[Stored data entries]
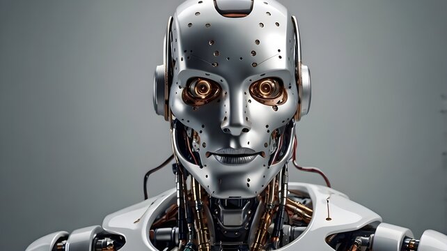 Closeup of a detailed steampunk robot skull with intricate metallic gearwork and advanced robotic technology
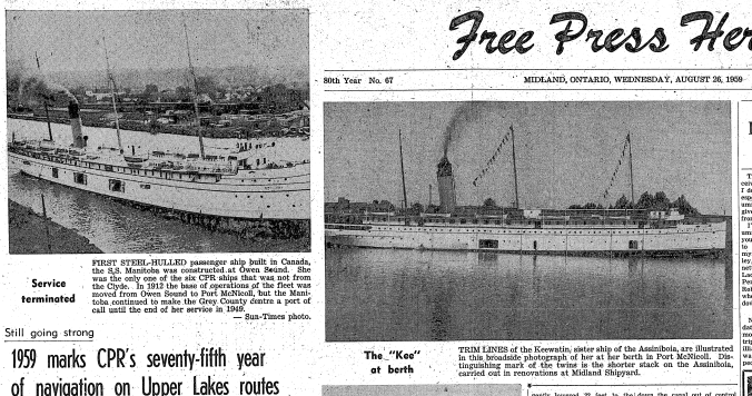 - Ability to buy woollen goods at better prices was proved to be one of Canada’s big drawing cards for American tourists as the Western States docked in Midland Labor Day morning with 350 passengers from Detroit. (This was a huge drawing card for the American tour boats, woollen goods and British china.) An immediate beeline was made for the stores carrying blankets, woollen sweaters, woollen coats. When it was found that these were all closed due to the America-wide holiday, the passengers stormed the newspaper office in an endeavour to have the press use its influence to open the shop doors.
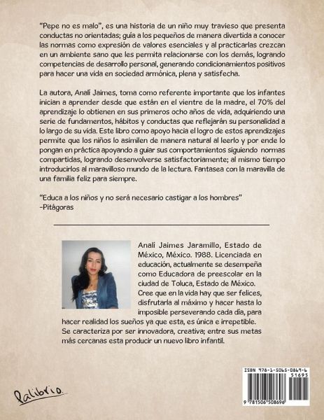 "Pepe no es malo", es una historia de un niño muy travieso que presenta conductas no orientadas; guía a los pequeños de manera divertida a conocer las normas como expresión de valores esenciales y al practicarlas crezcan en un ambiente sano que les permita relacionarse con los demás, logrando competencias de desarrollo personal, generando condicionamientos positivos para hacer una vida en sociedad armónica, plena y satisfecha. La autora, Analí Jaimes, toma como referente importante que los infantes inician a aprender desde que están en el vientre de la madre, el 70% del aprendizaje lo obtienen en sus primeros ocho años de vida, adquiriendo una serie de fundamentos, hábitos y conductas que reflejarán su personalidad a lo largo de su vida. Este libro como apoyo hacia el logro de estos aprendizajes permite que los niños lo asimilen de manera natural al leerlo y por ende lo pongan en práctica apoyando a guiar sus comportamientos siguiendo normas compartidas, logrando desenvolverse satisfactoriamente; al mismo tiempo introducirlos al maravilloso mundo de la lectura. Fantasea con la maravilla de una familia feliz para siempre. "Educa a los niños y no será necesario castigar a los hombres" -Pitágoras
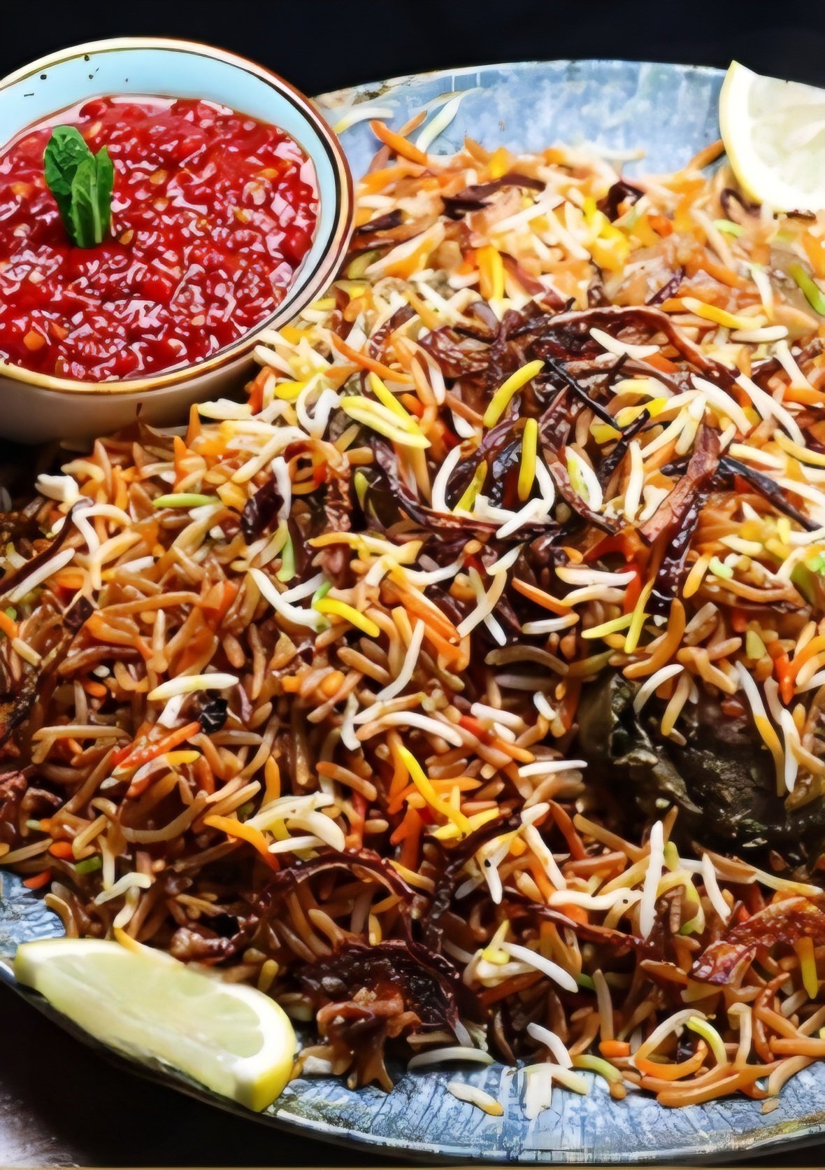 معدّ في طبقات ومطهو ببطء مع الزبادي، البصل المحمر، والثوم، مع مزيج متميز من الهيل، الكمون، القرفة، والقرنفل. طبق غني بالنكهات العطرية ويتميز بمذاق استثنائي خاص.
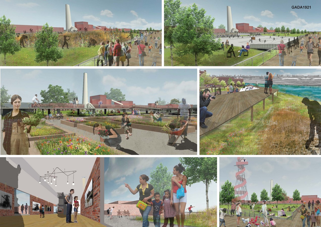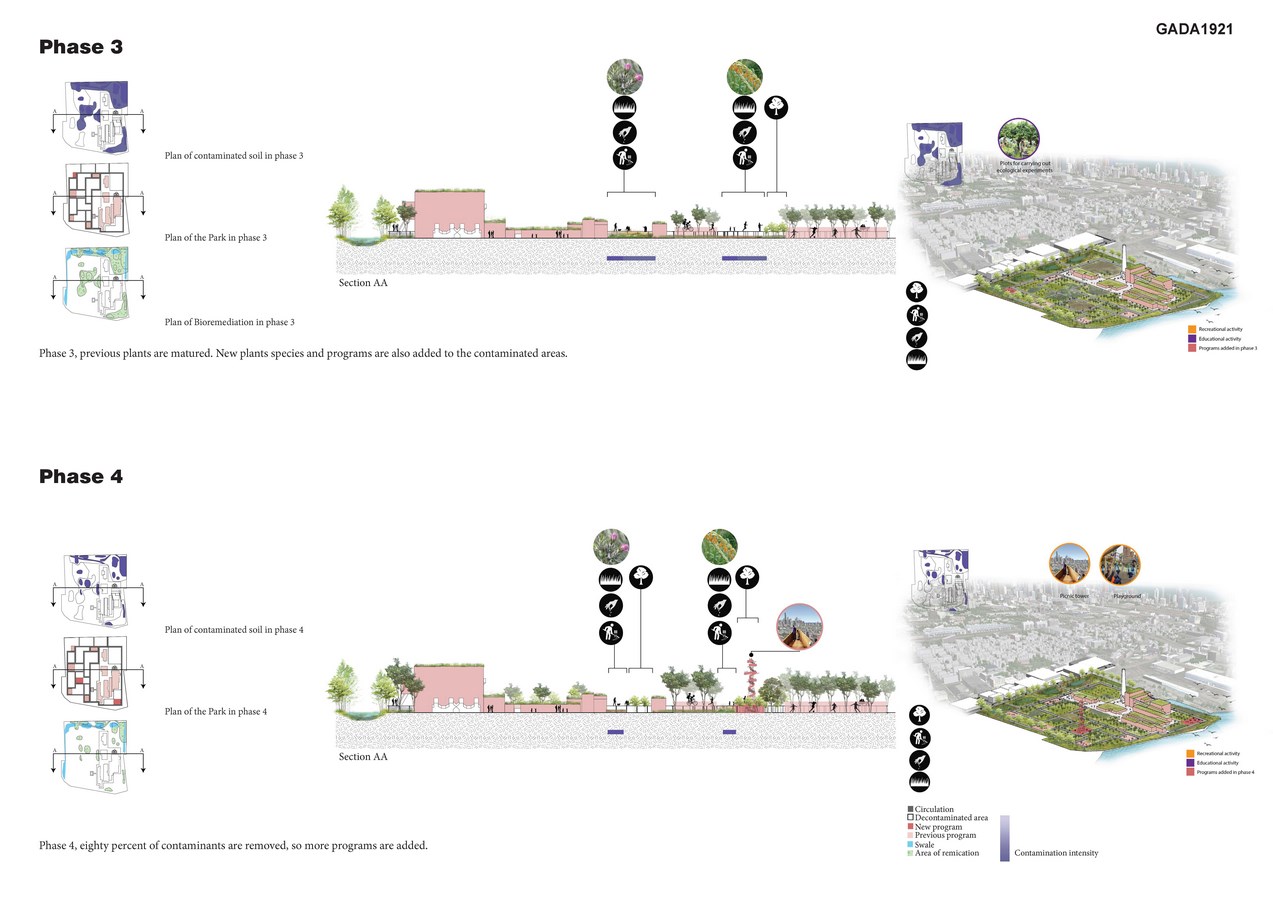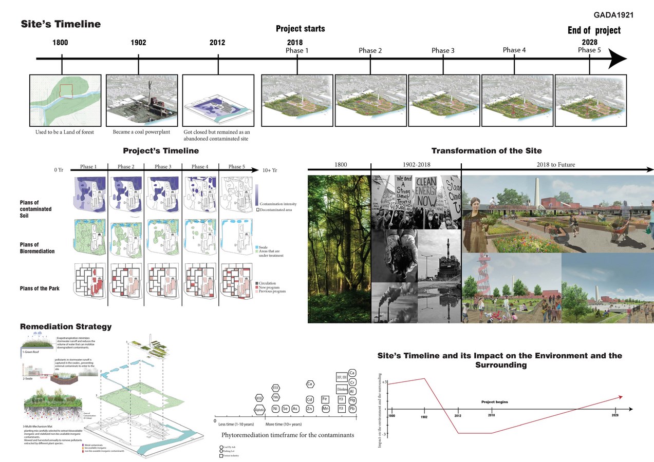 This project explores phased phytoremediation for the highly contaminated Fisk Coal Power Plant, an abandoned brownfield in Chicago, and its transformation into a public park that will contribute to enhancing the quality of the urban environment, and provide a vibrant new cultural and recreational facility for the city. Preserving some of the existing buildings of the former power plant as a symbol of the industrial Chicago, the project incorporates a variety of cultural and educational programs with the intention of creating public awareness about questions of urban nature and environmental preservation. Altogether, once completed, this project can be an example to demonstrate that abandoned sites can be recovered to become a focal point to help their surrounding environment and communities in many ways. This project’s design strategies can be implemented at other abandoned and contaminated sites in the USA. Illinois is just one example of a state with a multitude of decommissioned coal power plants. Phytoremediation will be an indispensable tool for such large-scale issues as it is the cheapest and most efficient solution for recovering contaminated lands.
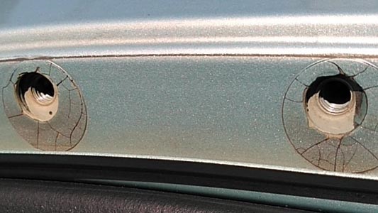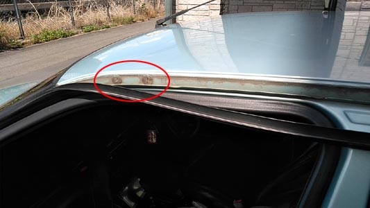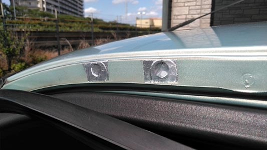 ![]() <2019年6月C>この穴、純正ルーフキャリアの取付穴です。ルーフ付近に 合計8ケ所あります。この穴から雨水が侵入してもおかしくはないですね。 |

**TASK:** Your reply should consist solely of the lines above, from the opening line through the line with "- Ability to", reproduced exactly and without pictures.

**ANSWER SECTION:**
 Closeup of a detailed steampunk robot skull with intricate metallic gearwork and advanced robotic technology
 - Ability to buy woollen goods at better prices was proved to be one of Canada’s big drawing cards for American tourists as the Western States docked in Midland Labor Day morning with 350 passengers from Detroit. (This was a huge drawing card for the American tour boats, woollen goods and British china.) An immediate beeline was made for the stores carrying blankets, woollen sweaters, woollen coats. When it was found that these were all closed due to the America-wide holiday, the passengers stormed the newspaper office in an endeavour to have the press use its influence to open the shop doors.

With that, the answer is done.